Leaving aside the contentious questions of whether voters are smart or dumb and whether they vote sufficiently or don’t, it does appear that they are pretty easily manipulated, and that is unlikely to change anytime soon.
Winston Churchill was willing to live with a bit of voter manipulation, when he said, in the House of Commons (11/11/47), “No one pretends that democracy is perfect or all-wise. Indeed it has been said that democracy is the worst form of Government except for all those other forms that have been tried from time to time.”
Would Churchill have said the same thing almost 70 years later given recent improvement in the art of manipulating voters?
Or have politics crossed the line?
Meet Mike Godwin. Smile, funky round glasses, beard what’s not to like?
He has his own law: “As an online discussion grows longer, the probability of a comparison involving Nazis or Hitler approaches 1.” As a corollary, “there is a tradition in many newsgroups and other Internet discussion forums that once such a comparison is made, the thread is finished and whoever mentioned the Nazis has automatically lost whatever debate was in progress.”

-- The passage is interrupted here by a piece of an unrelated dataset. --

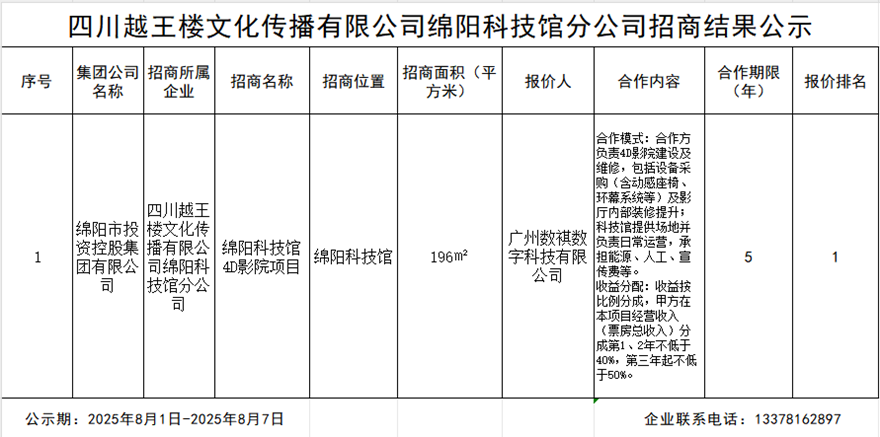 四川越王樓文化傳播有限公司綿陽(yáng)科技城分公司招商結(jié)果公示

Today, the time between the beginning of a conversation about Donald Trump and a reference to Hitler is shorter than the time between the light turning green and the guy behind you honking his horn.
And the corollary is totally dead with some opponents vying to be first to wave the swastika.
Note: comparing Trump to Italy’s Silvio Berlusconi is probably more accurate, but Hitler seems to poll test better. In voter manipulation you’d probably have to explain Berlusconi to more people than Hitler plus it is 4 extra characters in your tweet.
To be fair Bernie Sanders, a self-proclaimed Democratic Socialist, is often described as a communist with Marx, Lenin and Stalin as the preferred comparisons. England’s Jeremy Corbyn is more accurate but he might not last until our election and his sex life is probably not nearly as fun as Berlusconi’s.
Voter manipulators who analogize to Jeremy Corbyn need not apply.
Fun as all of this might be (mostly for those who admire European soccer hooligans), maybe it is time for the candidates, parties and those who run campaigns to dial it back. The continuation of orderly, peaceful transitions must surely be more important than ramping up the rhetoric beyond tolerable limits.
How about a clear statement from each candidate that “I would prefer to lose the election to an opponent who could take the oath of office peacefully than to win it myself and have to take the oath surrounded by tanks in the street.”
If your preferred candidate would not be willing to say that and mean it, you might want to give it some thought.
Same for some of the more partisan news outlets. If they are unwilling to dial it back, you can make the choice for them by turning the dial yourself.